▶ Task material
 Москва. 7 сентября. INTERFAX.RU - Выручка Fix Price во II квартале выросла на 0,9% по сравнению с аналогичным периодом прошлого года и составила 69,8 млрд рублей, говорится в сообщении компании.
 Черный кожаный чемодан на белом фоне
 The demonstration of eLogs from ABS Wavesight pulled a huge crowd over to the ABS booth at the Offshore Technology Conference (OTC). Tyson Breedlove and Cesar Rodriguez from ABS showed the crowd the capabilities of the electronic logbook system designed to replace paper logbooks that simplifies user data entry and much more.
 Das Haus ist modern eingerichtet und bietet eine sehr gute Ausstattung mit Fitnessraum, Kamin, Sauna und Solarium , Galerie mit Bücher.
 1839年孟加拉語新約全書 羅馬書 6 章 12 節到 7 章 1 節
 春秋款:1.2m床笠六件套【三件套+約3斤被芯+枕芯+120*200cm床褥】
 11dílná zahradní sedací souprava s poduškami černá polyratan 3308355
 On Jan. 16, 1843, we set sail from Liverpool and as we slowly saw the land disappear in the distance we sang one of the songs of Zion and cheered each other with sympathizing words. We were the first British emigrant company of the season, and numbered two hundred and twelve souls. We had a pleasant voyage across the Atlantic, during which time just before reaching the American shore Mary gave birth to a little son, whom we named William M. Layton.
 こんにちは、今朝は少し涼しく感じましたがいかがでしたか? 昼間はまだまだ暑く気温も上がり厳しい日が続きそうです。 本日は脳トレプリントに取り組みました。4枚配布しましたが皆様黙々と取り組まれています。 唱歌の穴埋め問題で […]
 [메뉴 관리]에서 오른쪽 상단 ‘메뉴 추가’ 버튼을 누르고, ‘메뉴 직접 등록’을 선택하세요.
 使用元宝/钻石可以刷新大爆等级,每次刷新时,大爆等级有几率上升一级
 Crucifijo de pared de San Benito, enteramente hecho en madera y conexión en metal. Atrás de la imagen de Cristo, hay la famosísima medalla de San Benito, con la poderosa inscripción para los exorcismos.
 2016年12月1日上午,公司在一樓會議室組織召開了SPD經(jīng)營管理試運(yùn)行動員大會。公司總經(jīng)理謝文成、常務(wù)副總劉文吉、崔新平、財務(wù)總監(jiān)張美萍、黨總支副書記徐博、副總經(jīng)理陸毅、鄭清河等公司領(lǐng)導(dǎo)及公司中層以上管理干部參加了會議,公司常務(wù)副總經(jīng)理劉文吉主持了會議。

▶ Exercise requirements
Word for word, copy the listing above in its entirety.

▶ Result below
 Москва. 7 сентября. INTERFAX.RU - Выручка Fix Price во II квартале выросла на 0,9% по сравнению с аналогичным периодом прошлого года и составила 69,8 млрд рублей, говорится в сообщении компании.
 Черный кожаный чемодан на белом фоне
 The demonstration of eLogs from ABS Wavesight pulled a huge crowd over to the ABS booth at the Offshore Technology Conference (OTC). Tyson Breedlove and Cesar Rodriguez from ABS showed the crowd the capabilities of the electronic logbook system designed to replace paper logbooks that simplifies user data entry and much more.
 Das Haus ist modern eingerichtet und bietet eine sehr gute Ausstattung mit Fitnessraum, Kamin, Sauna und Solarium , Galerie mit Bücher.
 1839年孟加拉語新約全書 羅馬書 6 章 12 節到 7 章 1 節
 春秋款:1.2m床笠六件套【三件套+約3斤被芯+枕芯+120*200cm床褥】
 11dílná zahradní sedací souprava s poduškami černá polyratan 3308355
 On Jan. 16, 1843, we set sail from Liverpool and as we slowly saw the land disappear in the distance we sang one of the songs of Zion and cheered each other with sympathizing words. We were the first British emigrant company of the season, and numbered two hundred and twelve souls. We had a pleasant voyage across the Atlantic, during which time just before reaching the American shore Mary gave birth to a little son, whom we named William M. Layton.
 こんにちは、今朝は少し涼しく感じましたがいかがでしたか? 昼間はまだまだ暑く気温も上がり厳しい日が続きそうです。 本日は脳トレプリントに取り組みました。4枚配布しましたが皆様黙々と取り組まれています。 唱歌の穴埋め問題で […]
 [메뉴 관리]에서 오른쪽 상단 ‘메뉴 추가’ 버튼을 누르고, ‘메뉴 직접 등록’을 선택하세요.
 使用元宝/钻石可以刷新大爆等级,每次刷新时,大爆等级有几率上升一级
 Crucifijo de pared de San Benito, enteramente hecho en madera y conexión en metal. Atrás de la imagen de Cristo, hay la famosísima medalla de San Benito, con la poderosa inscripción para los exorcismos.
 2016年12月1日上午,公司在一樓會議室組織召開了SPD經(jīng)營管理試運(yùn)行動員大會。公司總經(jīng)理謝文成、常務(wù)副總劉文吉、崔新平、財務(wù)總監(jiān)張美萍、黨總支副書記徐博、副總經(jīng)理陸毅、鄭清河等公司領(lǐng)導(dǎo)及公司中層以上管理干部參加了會議,公司常務(wù)副總經(jīng)理劉文吉主持了會議。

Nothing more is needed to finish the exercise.